Kafka and Quix Streams
Quix Streams helps you to leverage Kafka’s powerful features with ease.
Why this is important
Kafka is a powerful but complex technology. Using Quix Streams, you can leverage the power of Kafka without needing to know its internal details. Quix Streams provides abstractions to make working with Kafka much simpler.
Each topic can be set to replicate over the Kafka cluster for increased resilience, so a failure of a node will not cause downtime of your processing pipeline. For example, if you set the number of replicas to two, every message you send to the topic will be replicated twice in the cluster.
Each topic has temporary storage. Every message sent to the topic will remain in Kafka for a configured amount of time or size. That means that a consumer can join the topic later and still consume messages. If your processing pipeline has downtime, no data is lost.
Each Kafka topic is created with a number of partitions. You can add more partitions later, but you can’t remove them. Each partition is an independent queue that preserves the order of messages.
Quix Streams restricts all messages inside one stream to the same single partition. This means that inside one stream, a consumer can rely on the order of messages.
Partitions are spread across your Kafka cluster, over different Kafka nodes, for improved performance.
Redistribution of load
Streams are redistributed over available partitions. With an increasing number of streams, each partition will end up with approximately the same number of streams.
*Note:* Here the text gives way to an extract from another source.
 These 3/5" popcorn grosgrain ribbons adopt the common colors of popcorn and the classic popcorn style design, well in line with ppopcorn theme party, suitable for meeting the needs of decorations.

The number of partitions sets the limit for how many replicas of one model can process the topic. For example, a topic with three partitions can be processed with up to three instances of a model. The fourth instance remains idle.
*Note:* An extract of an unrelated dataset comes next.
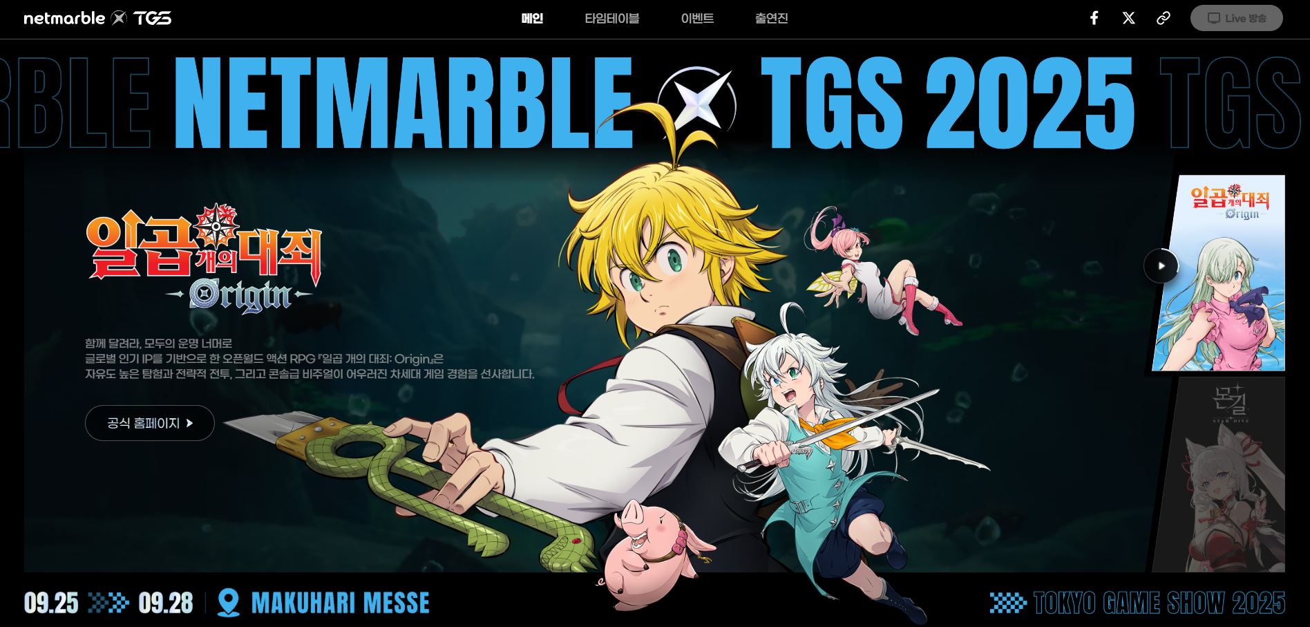 넷마블이 9월 25일부터 28일까지 일본 치바 마쿠하리 멧세에서 열리는 ‘도쿄게임쇼 2025(TGS 2025)’에 단독 부스로 참가합니다! 넷마블이 TGS에 단독 부스로 참가하는 것은 이번이 처음인데요! 넷마블은 TGS 2025를 통해 신작 ‘일곱 개의 대죄: Origin’, ‘몬길: STAR DIVE’ 선보이며 관람객의 시선을 사로잡는 대형 조형물을 내세워 부스가 꾸며질 예정입니다. 넷마블 TGS 2025 특설 사이트를 오픈하고 부스 디자인과 주요 현장 프로그램을 공개하여 유저들의 큰 기대감을 모으고 있죠.

The Consumer group is provided to enable you to horizontally scale your topic processing. Each consumer group has an ID, which you set when opening a connection to the topic:
If you deploy this model with three instances, the partitions are shared across the three instances, to distribute the load.
If you increase the instance count, some partitions will get reassigned to new instances of the model.
If you decrease the instance count, partitions left by leaving instances get reassigned to remaining instances in the consumer group.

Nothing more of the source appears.